*INSTRUCTIONS FOR THE TASK:*
Write out again, exactly as they appear, the lines from the start of the data below through the line with "Beautifully redone Coconut"; no pictures.

*RECORDED DATA:*
****************
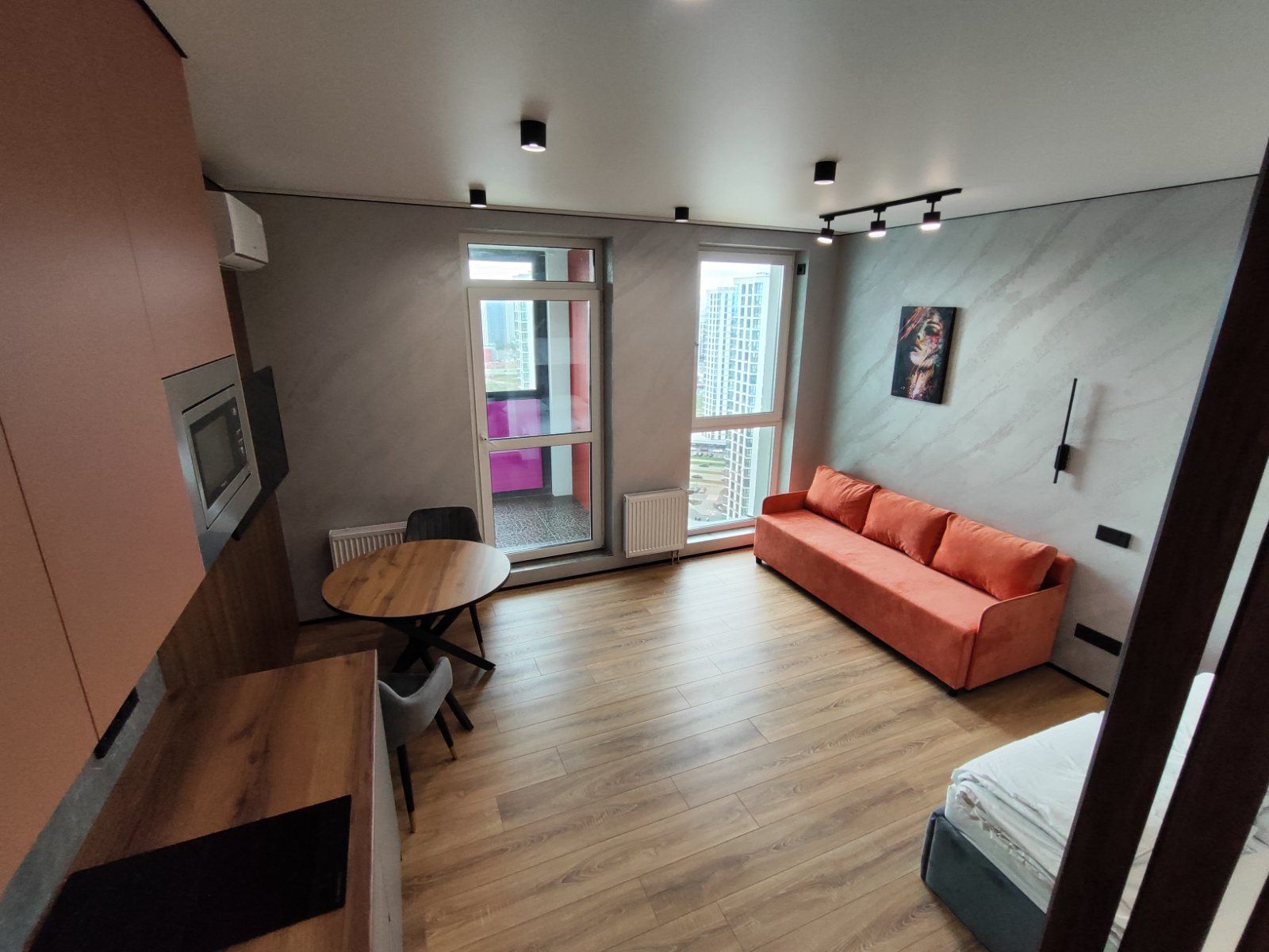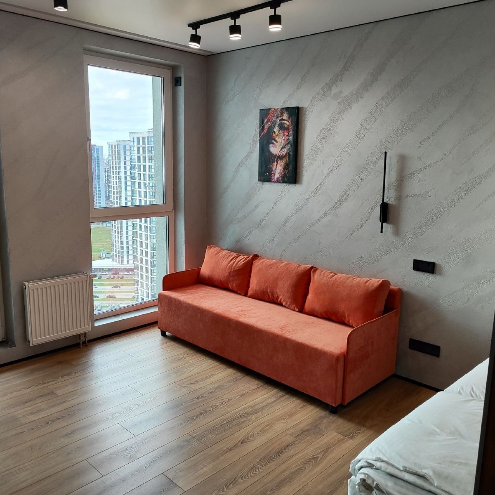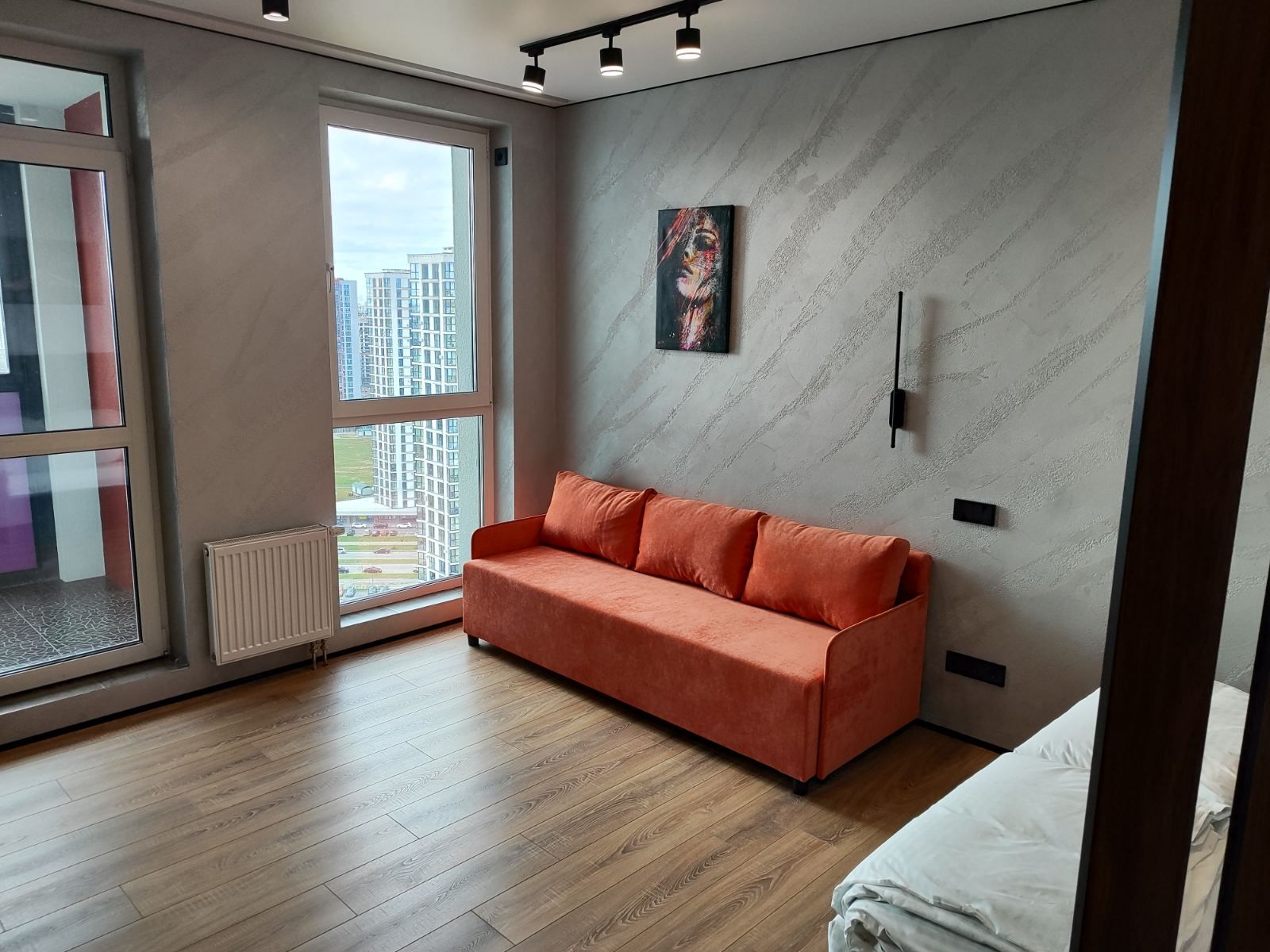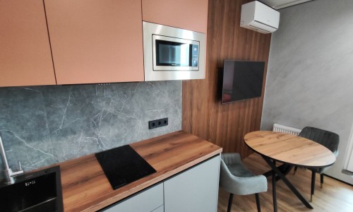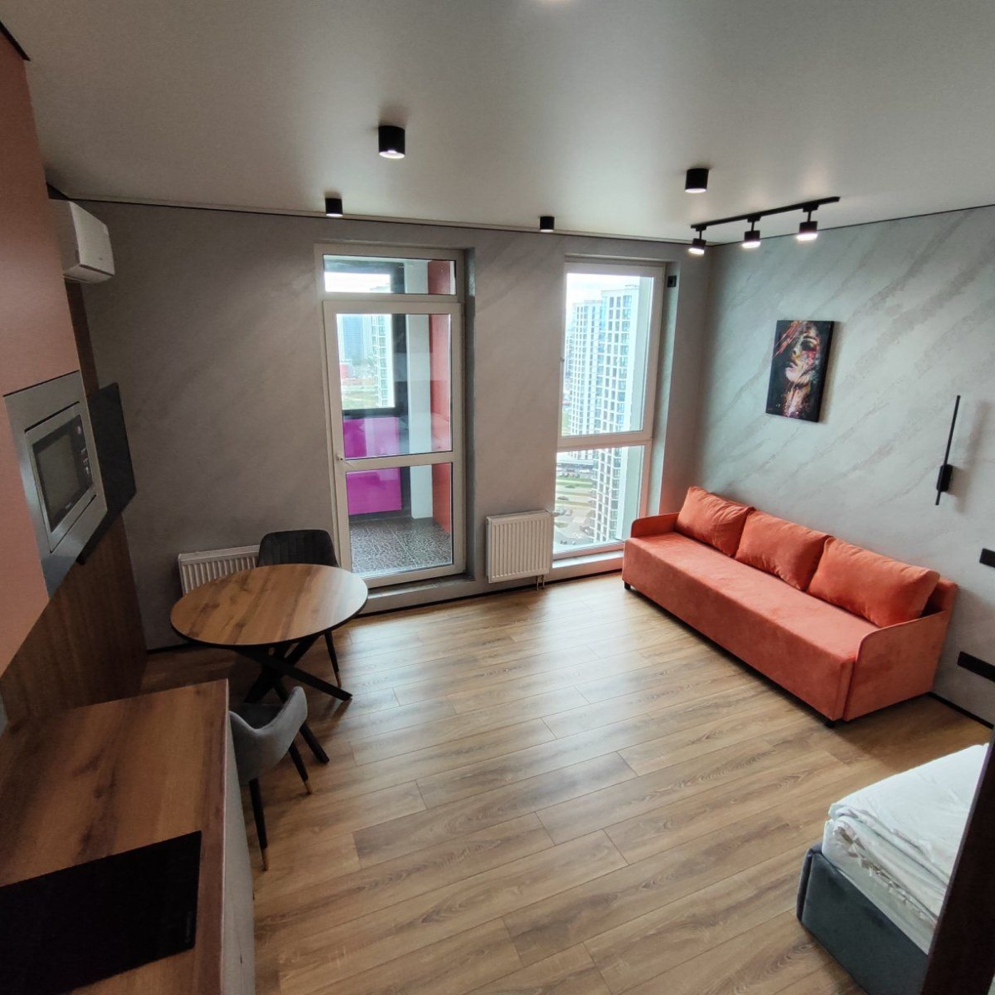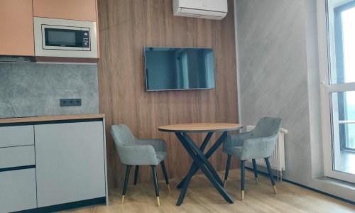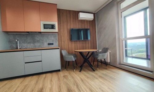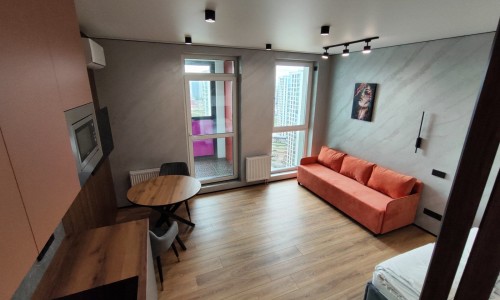 Сдается уютная квартира-студия в современном жилом комплексе Minsk World, расположенная на 23 этаже. Из панорамных окон и просторной лоджии открывается восхитительный вид на город, особенно прекрасный вечером, когда зажигаются огни иллюминации - идеальное место, чтобы насладиться чашкой ароматного кофе или чая. Квартира комфортно вмещает до 4 человек, прекрасно подходя как для пары или семьи, так и для небольшой компании друзей или коллег. Мы тщательно продумали все детали и оснастили квартиру всем необходимым для вашего удобства, чтобы вы могли сосредоточиться на отдыхе или работе.
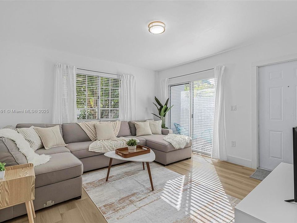 Beautifully redone Coconut Grove townhome in the Silver Bluff neighborhood on quiet street. This bright and open 3 BR/2BA is fully furnished and just renovated with a modern serene coastal design. New kitchen appliances, cabinets, quartz countertops and LG washer/dryer in unit. Kitchen fully stocked. New baths, roof and central AC. Primary bedroom has en suite bath and huge walk-in closet. 2 parking spaces and private balcony and backyard outdoor space with mango tree. Internet included. Amazing central location, just minutes to Coconut Grove CocoWalk, Coral Gables Miracle Mile, I95, and walk 3 blocks to the new CG Metro rail station. Close to UM and all hospitals.
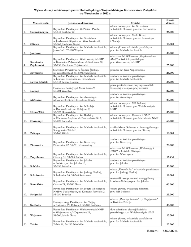 Wykaz dotacji udzielonych przez Dolnośląskiego Wojewódzkiego Konserwatora Zabytków we Wrocławiu w 2012 r. Miejscowość 1. 2. 3. Czerwieńczyce Glinica 4. 5. Kryniczno 7. 8. 9. 10. 11. 12. 13. 14. 15. 16. 17. 18. 19. 20. Rzym.-kat. Parafia p.w. śś. Piotra i Pawła, 57-441 Bożków 92 Rzym.-kat. Parafia p.w. św. Stanisława w Jordanowie Śląskim, ul. Wrocławska 45, 55-065 Jordanów Śląski Rzym.-kat. Parafia p.w. św. Michała Archanioła, Jaworów1, 57-120 Wiązów Obiekt ołtarz boczny p.w. św. Sebastiana w kościele filialnym p.w. św. Bartłomieja Lewin Kłodzki Lubiąż Miłowice 26.000 10.000 ołtarz główny w kościele parafialnym p.w. św. Michała Archanioła 30.000 Rzym.-kat. Parafia p.w. Wniebowzięcia NMP w Kamieńcu Ząbkowickim, ul. Kolejowa 20, 57-230 Kamieniec Ząbkowicki Starostwo Powiatowe w Środzie Śląskiej, ul. Wrocławska 2, 55-300 Środa Śląska Rzym.-kat. Parafia p.w. św. Michała Archanioła w Lewinie Kłodzkim, ul. Kościelna 6, 57-343 Lewin Kłodzki Fundacja „Lubiąż”, pl. Maxa Borna 9, 50-204 Wrocław Rzym.-kat. Parafia p.w. św. Antoniego, Miłowice 80,56-504 Dziadowa Kłoda Okrzeszyn Rzym.-kat. Parafia p.w. św. Mikołaja w Domaszkowie, ul. Kolejowa 2, 57-522 Domaszków Rzym.-kat. Parafia p.w. św. Rodziny w Chełmsku Śląskim, ul. Powstańców Śl. 2, 58-420 Lubawka Pełczyn Rzym.-kat. Parafia p.w. św. Michała Archanioła, Smogorzów Wielki 1, 56-160 Wińsko Piotrowice Rzym.-kat. Parafia p.w. św. Katarzyny, Piotrowice 62, 55-311 Kostomłoty Nowa Wieś Przychowa Sobótka Sokołowiec Rzym.-kat. Parafia p.w. św. Michała Archanioła, Olszany 31, 59-305 Rudna Rzym.-kat. Parafia p.w. św. Jakuba w Sobótce, ul. św. Jakuba 10, 55-050 Sobótka Rzym.-kat. Parafia p.w. św. Jadwigi Śląskiej, Sokołowiec 96, 59-540 Świerzawa Stara Góra Rzym.-kat. Parafia p.w. św. Michała Archanioła, Osetno 24, 56-200 Góra Świątniki Rzym.-kat. Parafia p.w. św. Józefa Oblubieńca NMP w Nasławicach, ul. Komuny Paryskiej 2, 55-050 Sobótka Świdnica Ewang. - Aug. Parafia p.w. św. Trójcy w Świdnicy, Pl. Pokoju 6, 58-100 Świdnica Wojanów Rzym.-kat. Parafia p.w. Wniebowzięcia NMP w Wojanowie, z/s Dąbrowica 21, 58-500 Jelenia Góra Żabin Kwota dotacji ołtarz boczny p.w. Matki Bożej w kościele filialnym p.w. śś. Antoniego i Macieja Jaworów Kamieniec Ząbkowcki 6. Jednostka dotowana Rzym.-kat. Parafia p.w. św. Michała Archanioła, Żabin 11, 56-215 Niechlów obraz aut. M. Willmanna „Oczekiwanie na Marię” w kościele parafialnym p.w. Wniebowzięcia NMP 25.000 pomnik św. Jana Nepomucena 28.000 ambona w kościele parafialnym p.w. św. Michała Archanioła 35.000 prace profilaktyczne przy wystroju Sali Książęcej w zespole pocysterskim 22.000 ambona w kościele parafialnym p.w. św. Antoniego 20.000 ołtarz boczny p.w. MB Bolesnej w kościele filialnym p.w. Wniebowzięcia NMP 35.000 ołtarz boczny p.w. Koronacji NMP w kościele filialnym p.w. Narodzenia NMP 68.000 rzeźba Mater Dolorosa z ołtarza głównego w kościele filialnym p.w. św. Teresy 10.000 ambona w kościele parafialnym p.w. św. Katarzyny 20.000 obraz aut. M. Willmanna „Wniebowzięcie NMP” w kościele filialnym p.w. św. Wawrzyńca 15.436 ambona w kościele parafialnym p.w. św. Jakuba 30.000 obraz „Komunia Św.” w kościele parafialnym p.w. św. Jadwigi Śląskiej 18.000 malowidło stropowe nad nawą główną kościoła filialnego p.w. św. Jakuba 60.000 ołtarz główny w kościele filialnym p.w. MB Bolesnej 23.000 obrazy „Zmartwychwstanie” i „Ukrzyżowanie” w Kościele Pokoju 30.000 dwa epitafia na elewacji kościoła parafialnego p.w. Wniebowzięcia NMP 10.000 ołtarz główny w kościele parafialnym p.w. św. Michała Archanioła 20.000 Razem: 535.436 zł.
****************
*EXPECTED ANSWER:*
 Сдается уютная квартира-студия в современном жилом комплексе Minsk World, расположенная на 23 этаже. Из панорамных окон и просторной лоджии открывается восхитительный вид на город, особенно прекрасный вечером, когда зажигаются огни иллюминации - идеальное место, чтобы насладиться чашкой ароматного кофе или чая. Квартира комфортно вмещает до 4 человек, прекрасно подходя как для пары или семьи, так и для небольшой компании друзей или коллег. Мы тщательно продумали все детали и оснастили квартиру всем необходимым для вашего удобства, чтобы вы могли сосредоточиться на отдыхе или работе.
 Beautifully redone Coconut Grove townhome in the Silver Bluff neighborhood on quiet street. This bright and open 3 BR/2BA is fully furnished and just renovated with a modern serene coastal design. New kitchen appliances, cabinets, quartz countertops and LG washer/dryer in unit. Kitchen fully stocked. New baths, roof and central AC. Primary bedroom has en suite bath and huge walk-in closet. 2 parking spaces and private balcony and backyard outdoor space with mango tree. Internet included. Amazing central location, just minutes to Coconut Grove CocoWalk, Coral Gables Miracle Mile, I95, and walk 3 blocks to the new CG Metro rail station. Close to UM and all hospitals.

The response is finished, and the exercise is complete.